> **Exercise aim**
Your task is to repeat all of the data exactly while excluding the pictures.

──────────────────────────────

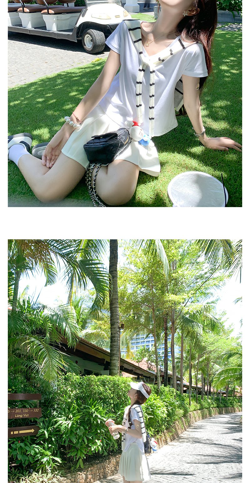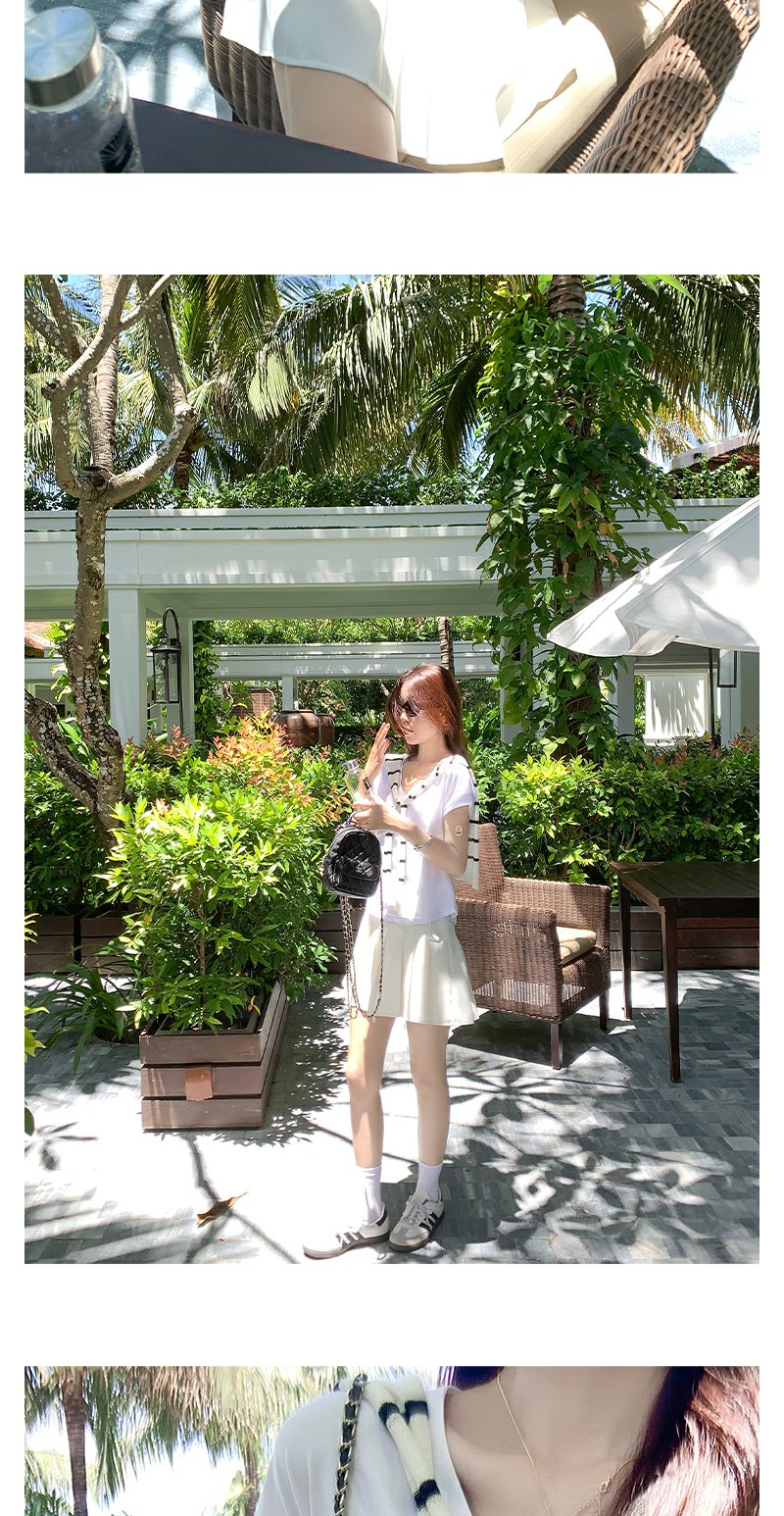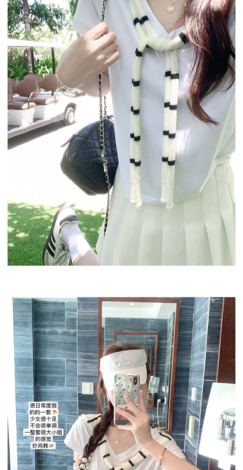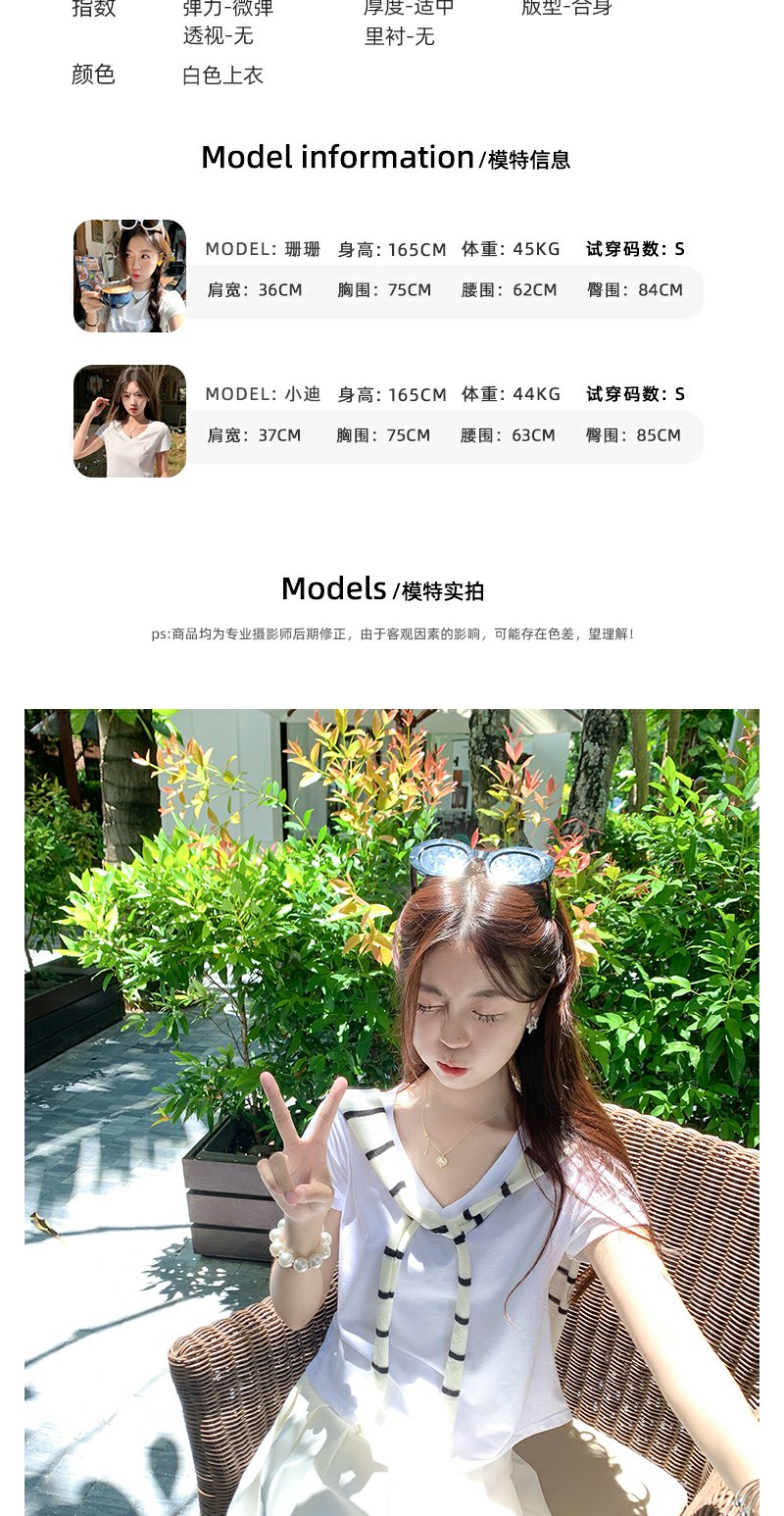 <曾小咸推荐>韩系简约纯色V领T恤短袖上衣
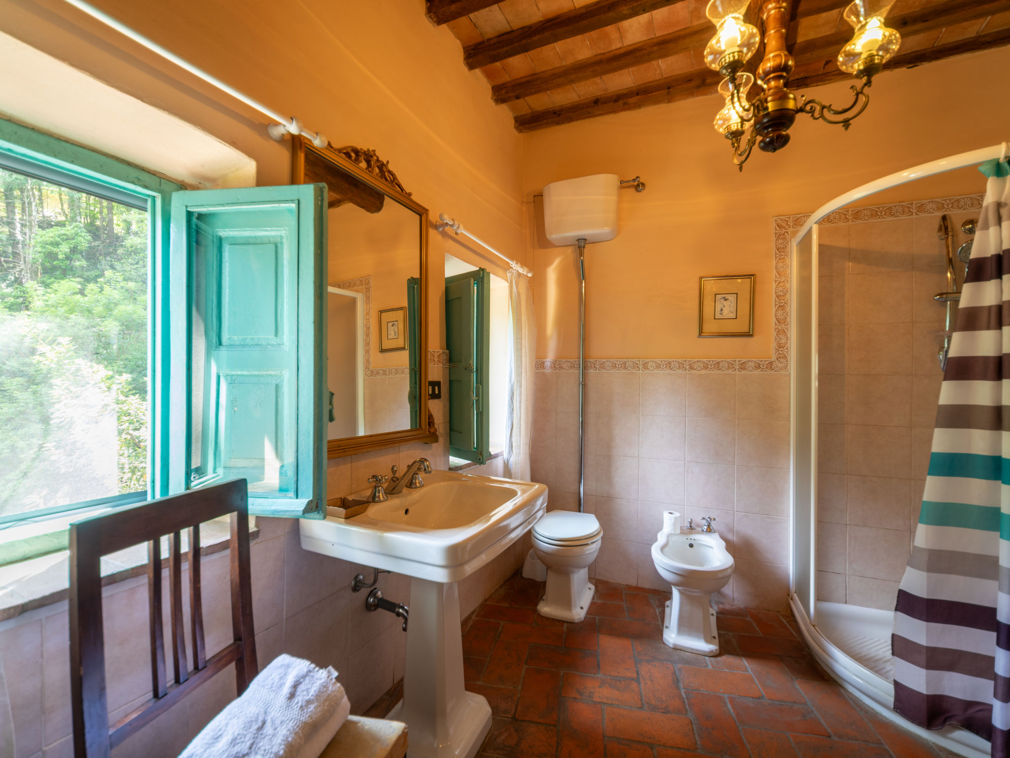 Ehemalige Mühle aus dem 17. Jh., vollständig restauriert, in aussichtsreicher Lage. Mitten im Grünen und mit Blick auf einen Wasserfall und den Fluss, wo man sich abkühlen kann. Im beheizten und gedeckten Schwimmbad (30 m2, ganzjährig geöffnet) mit Sicht auf das alte Mühlrad, ist es möglich, bereits in sehr kühler Jahreszeit zu baden. Nach einer Wanderung durch den Wald (1 km) erreicht man Loro Ciuffenna, mit sämtlichen Dienstleistungen. Ideale Ausgangslage für Trekking und Mountain-Bike-Touren. Alle 3 Wohnungen sind in unserem Angebot. Auf Wunsch werden die Gäste ins Bogenschiessen und in Entspannungstechniken eingeführt. Ruhiger Ort abgesehen vom Wasserfall, den man je nach Wetterlage gut hört. Windmühle "Il Mulinaccio". 1 km vom Zentrum von Loro Ciuffenna, 28 km vom Zentrum von Arezzo, 30 km vom Zentrum von Siena. Zur Alleinbenutzung: Grundstück (eingezäunt), Garten, Hallenbad beheizt (50 - 135 cm tief, 01.01.-31.12.) mit Innentreppe. Ungleichmässige Schwimmbadform, Gartenmöbel, Grill. Im Hause: Wireless LAN, Zentralheizung, Waschmaschine, Heizung vor Ort zu zahlen, Heizung nur verfügbar von 01.11. bis 15.04.. Wäschewechsel 1 mal wöchentlich. Wohnungsreinigung möglich (extra). Koch möglich (extra). Parkplatz beim Haus. Lebensmittelgeschäft 1.5 km, Restaurant 2 km, Bahnstation "Montevarchi" 12 km. Tennis 12 km. Nahe gelegene Sehenswürdigkeiten: Castelfranco di Sopra 19 km, Reggello 24 km, Arezzo 31 km, Abbazia di Vallombrosa 35 km, Bibbiena, Greve in Chianti 41 km, Monte San Savino 50 km.
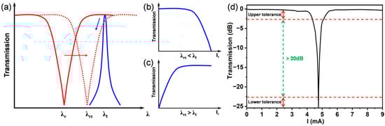 To achieve the nonlinear function, thermally tunable MRRs were selected for their inherent nonlinear transmission. The schematic of the nonlinear operation is shown in Figure 6a–c. The blue spectrum denotes the laser wavelength , while the red solid and dotted peaks represent the initial and thermally tuned resonance wavelengths of MRR, and , respectively. As the MRR was thermally tuned, was right-shifted to modulate the amplitude of in the resonance envelope. This mechanism produced two distinct nonlinear response regimes: When , the shape of the nonlinear function was the inverse-rectified linear unit (inverse-ReLU), while the shape of the nonlinear function was ReLU when , as shown in Figure 6b,c, respectively. Figure 6d shows the nonlinear function of the proposed photonic neuron depicting the relationship between the MRR transmission and excitation current. The resonance wavelength of MRR was 1554.74 nm, while the wavelength of the laser was set to 1555.52 nm. Therefore, the shape of the nonlinear function included two stages, as illustrated in Figure 6b,c. The critical current was about 4.75 mA and the extinction ratio was 25.21 dB. To eliminate the noise caused by spectral jitter, the transmission difference between the high and low values (the upper and lower tolerance) was maintained above 20 dB.
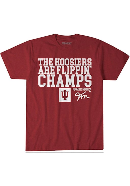 Display your team spirit with this remarkable Indiana Hoosiers BreakingT Crimson The Hoosiers Are Flippin' Champs Short Sleeve T Shirt! The Indiana Short Sleeve Tee showcases a screen print of player graphic on front chest that truly sets it apart. Stand out from the crowd and proudly declare your allegiance to the Hoosiers with this exceptional Crimson Indiana T Shirt. Indiana, Our Indiana!
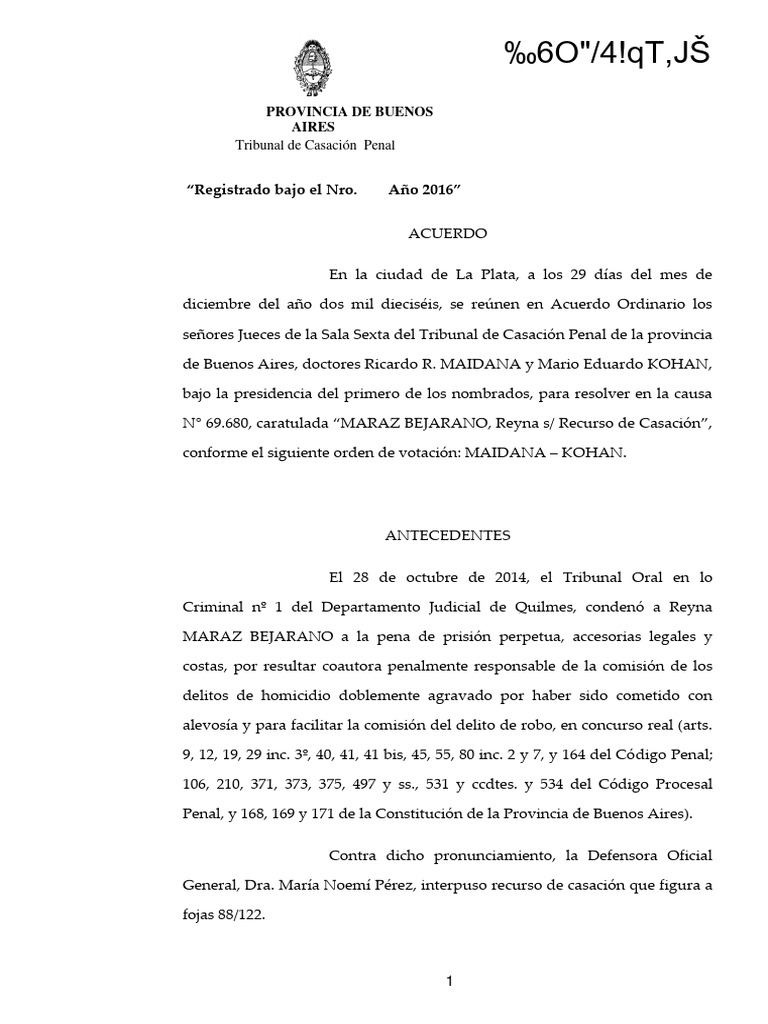N° 69.680, caratulada “MARAZ BEJARANO, Reyna s/ Recurso de Casación”,

──────────────────────────────

> **Result of this exercise**
 <曾小咸推荐>韩系简约纯色V领T恤短袖上衣
 Ehemalige Mühle aus dem 17. Jh., vollständig restauriert, in aussichtsreicher Lage. Mitten im Grünen und mit Blick auf einen Wasserfall und den Fluss, wo man sich abkühlen kann. Im beheizten und gedeckten Schwimmbad (30 m2, ganzjährig geöffnet) mit Sicht auf das alte Mühlrad, ist es möglich, bereits in sehr kühler Jahreszeit zu baden. Nach einer Wanderung durch den Wald (1 km) erreicht man Loro Ciuffenna, mit sämtlichen Dienstleistungen. Ideale Ausgangslage für Trekking und Mountain-Bike-Touren. Alle 3 Wohnungen sind in unserem Angebot. Auf Wunsch werden die Gäste ins Bogenschiessen und in Entspannungstechniken eingeführt. Ruhiger Ort abgesehen vom Wasserfall, den man je nach Wetterlage gut hört. Windmühle "Il Mulinaccio". 1 km vom Zentrum von Loro Ciuffenna, 28 km vom Zentrum von Arezzo, 30 km vom Zentrum von Siena. Zur Alleinbenutzung: Grundstück (eingezäunt), Garten, Hallenbad beheizt (50 - 135 cm tief, 01.01.-31.12.) mit Innentreppe. Ungleichmässige Schwimmbadform, Gartenmöbel, Grill. Im Hause: Wireless LAN, Zentralheizung, Waschmaschine, Heizung vor Ort zu zahlen, Heizung nur verfügbar von 01.11. bis 15.04.. Wäschewechsel 1 mal wöchentlich. Wohnungsreinigung möglich (extra). Koch möglich (extra). Parkplatz beim Haus. Lebensmittelgeschäft 1.5 km, Restaurant 2 km, Bahnstation "Montevarchi" 12 km. Tennis 12 km. Nahe gelegene Sehenswürdigkeiten: Castelfranco di Sopra 19 km, Reggello 24 km, Arezzo 31 km, Abbazia di Vallombrosa 35 km, Bibbiena, Greve in Chianti 41 km, Monte San Savino 50 km.
 To achieve the nonlinear function, thermally tunable MRRs were selected for their inherent nonlinear transmission. The schematic of the nonlinear operation is shown in Figure 6a–c. The blue spectrum denotes the laser wavelength , while the red solid and dotted peaks represent the initial and thermally tuned resonance wavelengths of MRR, and , respectively. As the MRR was thermally tuned, was right-shifted to modulate the amplitude of in the resonance envelope. This mechanism produced two distinct nonlinear response regimes: When , the shape of the nonlinear function was the inverse-rectified linear unit (inverse-ReLU), while the shape of the nonlinear function was ReLU when , as shown in Figure 6b,c, respectively. Figure 6d shows the nonlinear function of the proposed photonic neuron depicting the relationship between the MRR transmission and excitation current. The resonance wavelength of MRR was 1554.74 nm, while the wavelength of the laser was set to 1555.52 nm. Therefore, the shape of the nonlinear function included two stages, as illustrated in Figure 6b,c. The critical current was about 4.75 mA and the extinction ratio was 25.21 dB. To eliminate the noise caused by spectral jitter, the transmission difference between the high and low values (the upper and lower tolerance) was maintained above 20 dB.
 Display your team spirit with this remarkable Indiana Hoosiers BreakingT Crimson The Hoosiers Are Flippin' Champs Short Sleeve T Shirt! The Indiana Short Sleeve Tee showcases a screen print of player graphic on front chest that truly sets it apart. Stand out from the crowd and proudly declare your allegiance to the Hoosiers with this exceptional Crimson Indiana T Shirt. Indiana, Our Indiana!
N° 69.680, caratulada “MARAZ BEJARANO, Reyna s/ Recurso de Casación”,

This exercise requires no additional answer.